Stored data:
== == ==

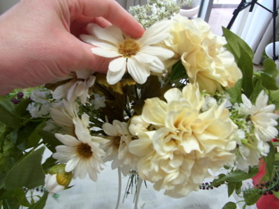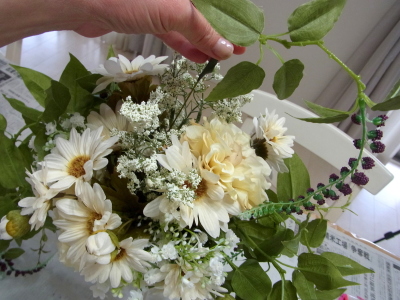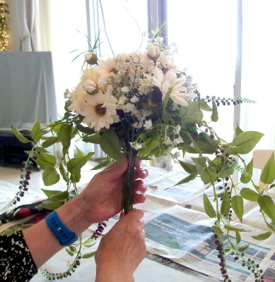 | デイジーまたはダリアなど、好きなメインのお花を決めて、大体のレイアウトをきめててドーム状にまとめます 。 この時点ではまだ直立で大丈夫です。 |
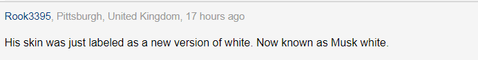 有人建議用他的膚色來命名一種白,名字就叫“馬斯克白”。
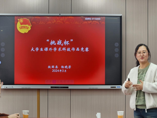 团委在里仁行政楼102会议室举办了菁材讲坛——“挑战杯”系列赛事经验分享交流会。校团委科技部部长杨晓芳作为主讲嘉宾,为师生团队带来了精彩的分享。
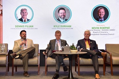 Kyle Durham, Director, United Soybean Board (USB) and Dennis Fujan, Director, American Soybean Association (ASA) in a panel discussion with USSEC’s Regional Director, Kevin Roepke
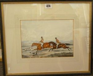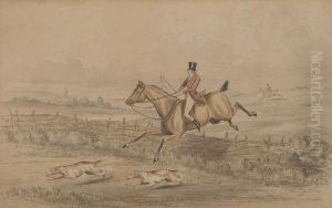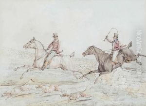 Two Riders and a Couple of Hounds Clearing a Wall
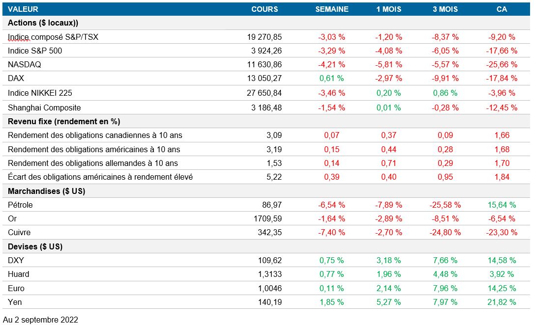 Pouls hebdomadaire des marchés - Semaine se terminant le 2 septembre 2022
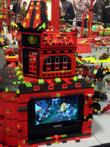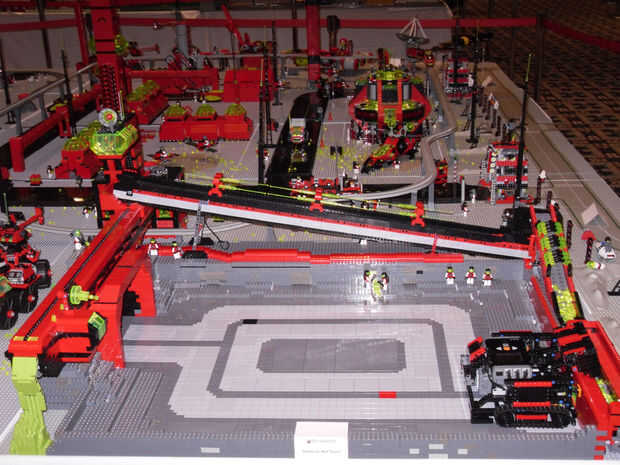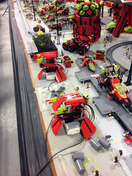 Tenemos movimiento en todas partes que podemos en el diseño. Tenemos un tren alrededor de la base, tenemos un monorraíl movimiento en pista elevada. Tenemos platos de radar spinning y ejercicios. Contamos con un sistema de centinelas de pistola que rastrear el movimiento y "fuego" en el movimiento. El movimiento más tienes más grande el awes. Todo todo lo que hacemos con el movimiento se realiza con los diferentes sistemas de Lego, incluyendo los kits de robots Mindstorms. También hemos creado un teatro de chino M-Tron que muestra dejar películas de Lego de marco en su pantalla.
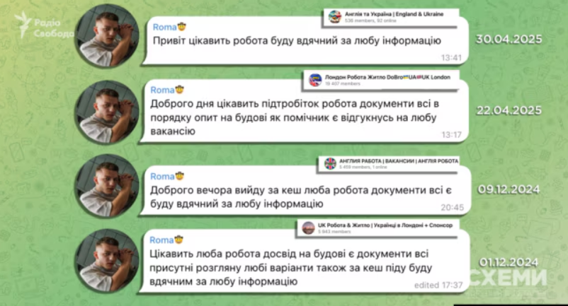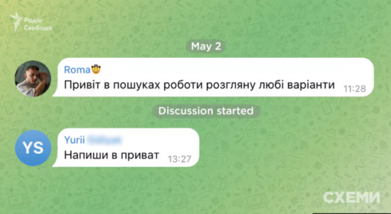 Так, 2 травня в групі "London UA" він написав: "У пошуках роботи розгляну любі варіанти". Через дві години на це повідомлення відповів користувач на ім'я Юрій: "Напиши в приват". Журналісти звернули увагу, що Юрій додався в "London UA" за декілька днів до цього діалогу.
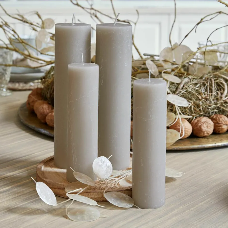 Die handgefertigten Wachskerzen strahlen eine warme, einladende Atmosphäre aus, die jedes Zuhause in ein gemütliches Licht taucht. Mit ihrer durchgefärbten, geruchslosen Oberfläche sind sie nicht nur ästhetisch ansprechend, sondern auch funktional. Jede Kerze ist ein Unikat, gefertigt mit Liebe zum Detail, und bietet eine lange Brenndauer, die Ihnen viele Stunden der Entspannung und Besinnlichkeit schenkt. Die harmonische Kombination aus zwei großen Kerzen (20×5 cm) und zwei etwas kleineren Kerzen (15×4 cm) schafft ein vielseitiges Arrangement, das sowohl für festliche Anlässe als auch für den täglichen Gebrauch perfekt geeignet ist.
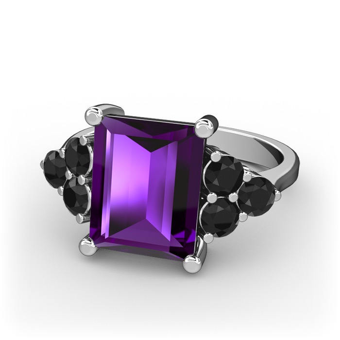 Ametist ve siyah zirkon 8 ayar beyaz altın yüzük
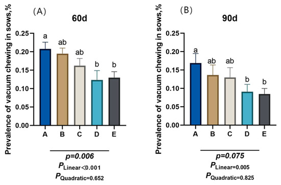 Effect of different dietary neutral detergent fiber intake on the prevalence of vacuum chewing in gestating gilts. (A) Day 60 of gestation. (B) Day 90 of gestation. A: NDF levels = 19.28%; B: NDF levels = 21.36%; C: NDF levels = 22.08%; D: NDF levels = 22.67%; E: NDF levels = 23.43%. Differences in the superscript letters within different columns indicate that the difference is significant (p < 0.05).

== == ==

Write out all of the records above. Keep them exact and leave out the pictures.

 | デイジーまたはダリアなど、好きなメインのお花を決めて、大体のレイアウトをきめててドーム状にまとめます 。 この時点ではまだ直立で大丈夫です。 |
 有人建議用他的膚色來命名一種白,名字就叫“馬斯克白”。
 团委在里仁行政楼102会议室举办了菁材讲坛——“挑战杯”系列赛事经验分享交流会。校团委科技部部长杨晓芳作为主讲嘉宾,为师生团队带来了精彩的分享。
 Kyle Durham, Director, United Soybean Board (USB) and Dennis Fujan, Director, American Soybean Association (ASA) in a panel discussion with USSEC’s Regional Director, Kevin Roepke
 Two Riders and a Couple of Hounds Clearing a Wall
 Pouls hebdomadaire des marchés - Semaine se terminant le 2 septembre 2022
 Tenemos movimiento en todas partes que podemos en el diseño. Tenemos un tren alrededor de la base, tenemos un monorraíl movimiento en pista elevada. Tenemos platos de radar spinning y ejercicios. Contamos con un sistema de centinelas de pistola que rastrear el movimiento y "fuego" en el movimiento. El movimiento más tienes más grande el awes. Todo todo lo que hacemos con el movimiento se realiza con los diferentes sistemas de Lego, incluyendo los kits de robots Mindstorms. También hemos creado un teatro de chino M-Tron que muestra dejar películas de Lego de marco en su pantalla.
 Так, 2 травня в групі "London UA" він написав: "У пошуках роботи розгляну любі варіанти". Через дві години на це повідомлення відповів користувач на ім'я Юрій: "Напиши в приват". Журналісти звернули увагу, що Юрій додався в "London UA" за декілька днів до цього діалогу.
 Die handgefertigten Wachskerzen strahlen eine warme, einladende Atmosphäre aus, die jedes Zuhause in ein gemütliches Licht taucht. Mit ihrer durchgefärbten, geruchslosen Oberfläche sind sie nicht nur ästhetisch ansprechend, sondern auch funktional. Jede Kerze ist ein Unikat, gefertigt mit Liebe zum Detail, und bietet eine lange Brenndauer, die Ihnen viele Stunden der Entspannung und Besinnlichkeit schenkt. Die harmonische Kombination aus zwei großen Kerzen (20×5 cm) und zwei etwas kleineren Kerzen (15×4 cm) schafft ein vielseitiges Arrangement, das sowohl für festliche Anlässe als auch für den täglichen Gebrauch perfekt geeignet ist.
 Ametist ve siyah zirkon 8 ayar beyaz altın yüzük
 Effect of different dietary neutral detergent fiber intake on the prevalence of vacuum chewing in gestating gilts. (A) Day 60 of gestation. (B) Day 90 of gestation. A: NDF levels = 19.28%; B: NDF levels = 21.36%; C: NDF levels = 22.08%; D: NDF levels = 22.67%; E: NDF levels = 23.43%. Differences in the superscript letters within different columns indicate that the difference is significant (p < 0.05).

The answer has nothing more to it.